Cela ne doit pas être un motif d’accusation. Bien sûr, les hommes veulent une partenaire propre, arrangée et parfumée, pour les attirer avec un “emballage” provocateur et, peut-être, une série de mouvements lascifs. Cependant, au-delà de la symétrie des sourcils, l'absence totale de cheveux dans les zones “stratégiques” ou les mains profondément hydratées, les hommes apprécient la confiance en soi-même, la désinvolture et la contribution féminine active dans la réalisation du moment. Son absence ne peut être compensée même avec 10 heures compactes, passées au salon de beauté.

Ne pas comprendre d’ici qu'il est acceptable pour les dames de ne pas tenir compte de la totalité de leur image ou du rôle crucial joué dans l’esthétique sexuelle de la vie du couple. Il est possible que les hommes soient conquis par la désinvolture, mais cela ne signifie pas qu'ils aiment la médiocrité ou les apparitions négligentes, “velues” et enveloppées dans l'odeur de steak grillé (quoique... il y ait aussi des exceptions). D'autant plus que, avec l'installation de la monotonie dans la chambre à coucher, le sexe doit être relancé par tous les moyens.

Les efforts doivent, donc, être adressés, à la fois, à l'apparence physique et aussi à l’attitude abordée, d'une manière raisonnable et sans excès.
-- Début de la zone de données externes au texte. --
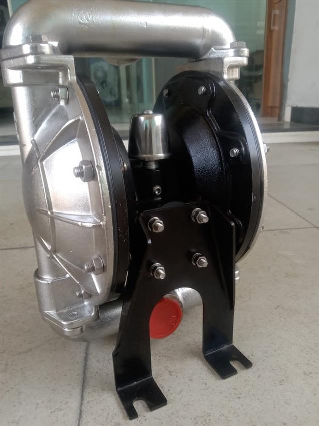 Pneumatic double diaphragm pump (AM21) with stainless steel and aluminum construction. Features 1HP motor, 50 LPM max flow rate, and 200 PSI discharge pressure for liquid transfer.

Les extrêmes ne sont pas souhaitables dans un sens ou un autre. Cela est valable tant pour les descendantes d’Eve qui planifient soigneusement leur rencontre sexuelle avec 2 semaines à l'avance, comme pour les femmes plus négligentes. Les descendants d'Adam ne doivent pas oublier que, en dehors de la douche rituelle et le préservatif connexe, ce serait bénéfique de s’occuper aussi des autres “détails” qu’ils doivent résoudre pour leurs partenaires. Bien que cela signifie: romance, sensualité, aller au gymnase ou se quitter la barbe non rasée depuis la Préhistoire.